The agent is called by the simulation at three different points. During negotiation between agents (doNegotiation), for the execution of the actual simulation step (doStep) and for eventually storing the simulation results (storeHistory).
The agent derives the optimal input on the modelled system in getOptimalTrajectory, by either calling the controller directly or by performing pareto evaluation on the model and controller.
An agents history and current status, which contains the predictions made in current timestep, are public and accessible by other agents as well as evaluation functions and disturbance prediction functions. That way, agents can make decision based on each other's state, and disturbances and evaluations can be state-aware (across the agents).
As all main PARODIS classes, the Agent class derived off the handle
class, meaning that each agent has one unique instance across the simulation, allowing for read and write access from all other agents during the simulation, allowing for complex agent interactions.
Property | Description |
---|---|
controller |
A Controller object, used for deriving an optimal input trajectory and for disturbance prediction |
model |
A model struct, containing the respective model |
history |
struct containing the simulation history |
config |
struct containing the agent's configuration |
status |
struct containing the current status |
previousStatus |
struct containing the status of the previous timestep |
name |
string with the agent's name during the simulation |
callbackMeasureState |
optional callback that can manipulate the agent's history based on other agents, called in measureState() |
callbackNegotation |
optional callback that is called in doNegotiation to perform negotiation tasks |
simulation |
Reference to the simulation in which the agent is contained |
Property | Default value | Description |
---|---|---|
T_s |
[] |
Time steps for each step in the prediction horizon, length(T_s) == N_pred
|
solver |
'gurobi' |
Solver to be called by YALMIP to solve MPC problem |
evalFuns |
struct |
Struct used for storing evaluation functions, interfaced by addEvalFunction |
disturbanceMeasured |
false |
Whether to set the prediction d(0 |
debugMode |
false |
Will toggle YALMIP debug mode and verbosity = 2 and disable use of optimizer |
testFeasibility |
false |
If enabled, every time before actual problem is solved, an empty problem (no objective function, but set constraints) will be solved using optimize() to test if the constraints are infeasible |
verboseOptimizer |
false |
If true, the optimizer flags debug = 1 and verbose = 2 will be set, independently of debugMode
|
pauseOnError |
false |
If set to 'on' , simulation will pause right after plotting, if solver code returned from getOptimalInput is not 0 (successfully solved).
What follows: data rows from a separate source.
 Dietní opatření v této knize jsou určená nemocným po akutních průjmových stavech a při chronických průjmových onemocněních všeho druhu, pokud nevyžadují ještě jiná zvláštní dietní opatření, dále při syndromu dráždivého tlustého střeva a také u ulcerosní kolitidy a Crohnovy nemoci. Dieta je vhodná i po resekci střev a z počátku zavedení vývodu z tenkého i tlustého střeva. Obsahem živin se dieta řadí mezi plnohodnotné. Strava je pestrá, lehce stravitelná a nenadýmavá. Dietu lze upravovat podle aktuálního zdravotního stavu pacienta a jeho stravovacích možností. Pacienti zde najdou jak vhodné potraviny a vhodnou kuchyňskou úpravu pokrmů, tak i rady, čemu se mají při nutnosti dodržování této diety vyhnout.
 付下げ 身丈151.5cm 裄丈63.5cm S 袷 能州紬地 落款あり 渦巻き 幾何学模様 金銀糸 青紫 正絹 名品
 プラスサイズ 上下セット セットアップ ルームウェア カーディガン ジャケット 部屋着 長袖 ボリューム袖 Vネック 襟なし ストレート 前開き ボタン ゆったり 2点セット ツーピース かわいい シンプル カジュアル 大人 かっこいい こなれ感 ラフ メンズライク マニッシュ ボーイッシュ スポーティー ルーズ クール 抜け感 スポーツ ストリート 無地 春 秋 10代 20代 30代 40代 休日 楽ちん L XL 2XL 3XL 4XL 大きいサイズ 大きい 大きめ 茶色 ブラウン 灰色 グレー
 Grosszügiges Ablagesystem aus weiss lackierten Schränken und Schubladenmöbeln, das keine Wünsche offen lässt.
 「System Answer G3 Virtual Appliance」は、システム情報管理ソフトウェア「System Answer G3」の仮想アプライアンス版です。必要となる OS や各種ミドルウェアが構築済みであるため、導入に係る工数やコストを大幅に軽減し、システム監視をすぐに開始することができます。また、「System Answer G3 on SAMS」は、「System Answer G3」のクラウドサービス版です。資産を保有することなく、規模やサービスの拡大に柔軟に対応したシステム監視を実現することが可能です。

Alternatively, can be set to pause only on specific codes, e.g. pauseOnError = 12 (see solver codes) |
solverOptions |
{} |
List of additional (solver) options that will be passed so sdpsettings when initialising the controller (e.g. {'quadprog.maxIter', 1000} ) |
reuseNegotiationResult |
If agent engages in negotiation and has derived an optimal input, if this flag is set to true , this result will be reused in the agent's doStep
|
|
doParetoOnlyOnce |
false |
If the ParetoController is used an this flag is set to true , pareto evaluation will only be done once in a given timestep, meaning that if agent is called multiple times during negotiation, only the first call will result in a pareto evaluation |
In the agent's history struct, all realised simulation values are stored. This includes the actual state trajectory, the actual applied inputs and disturbances, the values of the configured evaluation functions as well as of the cost functions, and the weights associated with the cost functions.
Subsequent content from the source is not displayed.